The War Illustrated, Volume 7, No. 162, Page 220, September 3, 1943.

Both before and after the Germans fled from Catania astonishing scenes were witnessed in the city. As this front-line Sicilian pen-picture (dated August 6, 1943) by a Special Correspondent of The Daily Telegraph reveals, chaos reigned supreme. Not until some time after the entry of our troops on August 5 was order fully restored.

Catania has all the air of a town that has been frozen into immobility. Of all the conquered towns I have seen there has been none where the machinery of civic life has so completely come to a standstill. There were no signs of any shop or hotel being open. It was a complete contrast to Tripoli, where within five hours of the arrival of the first British troops British officers were booking bedrooms and being served lunch bu white-coated waiters in restaurants.

But Catania is a city of desolation. Of its 250,000 population only 50,000 still remained when we arrived, and of these 30,000 habitually slept in air-raid shelters. Such has been the effect of our bombing – far severer than one had anticipated. This remnant population had been living a hand-to-mouth existence.

The departure of the last of the enemy troops signalized the breakdown of all semblance of order in Catania and the looting of shops began. It was worst in the Via Vittore Emanuele, immediately bordering on the central square, the Piazzo del Duomo.

Here the population had broken into the shops. Standing on a balcony outside the first-floor windows I saw men throwing down bale after bale to the populace below. There were women carrying armfuls of silk stockings and their drab working-class clothes – only the poorest were left in Catania – were in sharp contrast to the newly-acquired gay silk scarves they wore around their heads or shoulders.
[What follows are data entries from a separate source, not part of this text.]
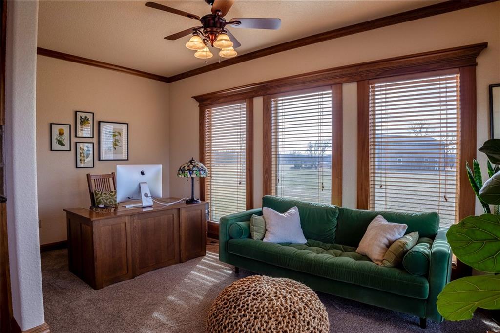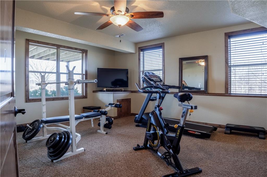 Stunning one-of-a-kind waterfront estate on approximately 10 private acres just minutes from Lawrence, Baldwin and Kansas City! Backing to the Wakarusa Watershed lake, this home offers exceptional views, privacy, and abundant wildlife on blacktop roads. The main level features an open floor plan with a deluxe kitchen, oversized island, office, and luxurious primary suite. Upstairs are four spacious bedrooms, each with bathroom access and walk-in closets. Bonus storage space in the easily accessible attic. The finished lower level is designed for entertaining with a family room, wet bar, and seamless access to the outdoor living area, custom gunite pool and spa. Offering over 5,500 sq ft of living space with 7 bedrooms and 5 bathrooms, the property also includes a four-car attached garage and an impressive 3300+ square foot heated shop with concrete floors, oversized doors, 220V electric, and RV storage. A rare opportunity for luxury lakefront living with space to work, play and unwind!
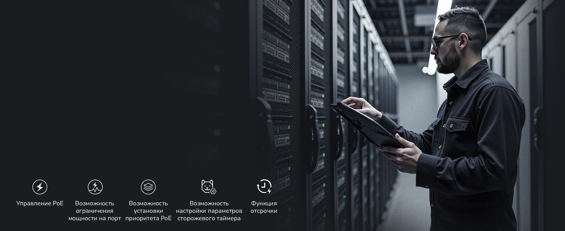 | Коммутация | Управление PoE | Настройка приоритета PoE‚ включение (отключение) сторожевого таймера PoE‚ настройка порогового значения сторожевого таймера PoE (время‚ количество пакетов)‚ энергопотребление PoE‚ стандарт PoE‚ отсрочка подачи питания по PoE‚ общий бюджет PoE‚ бюджет PoE на порт |
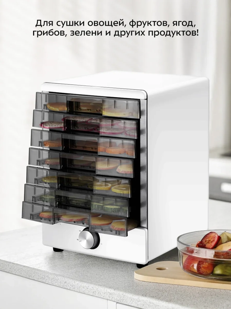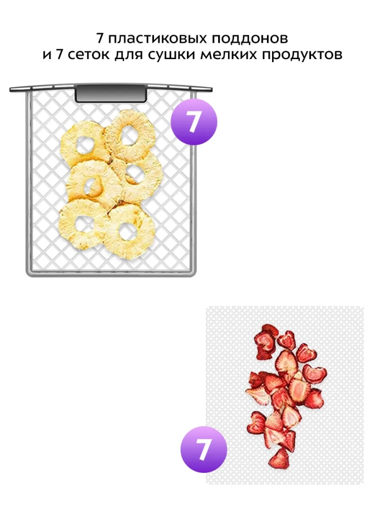 В комплект сушилки входят 7 пластиковых поддонов и 7 сеток для сушки мелких продуктов.

I had a long talk yesterday morning with the Mayor of Catania, the Marquis di San Giuliano, immediately after the formal surrender of the town. Troops made a peaceful advance into the place. There was no street fighting, despite reports to the contrary. The Mayor is a nephew of the Marquis di San Giuliano, formerly Ambassador to Britain, who as Foreign Secretary under Signor Salandra in 1914 was largely responsible for holding back Italy from entering the war on the side of Germany.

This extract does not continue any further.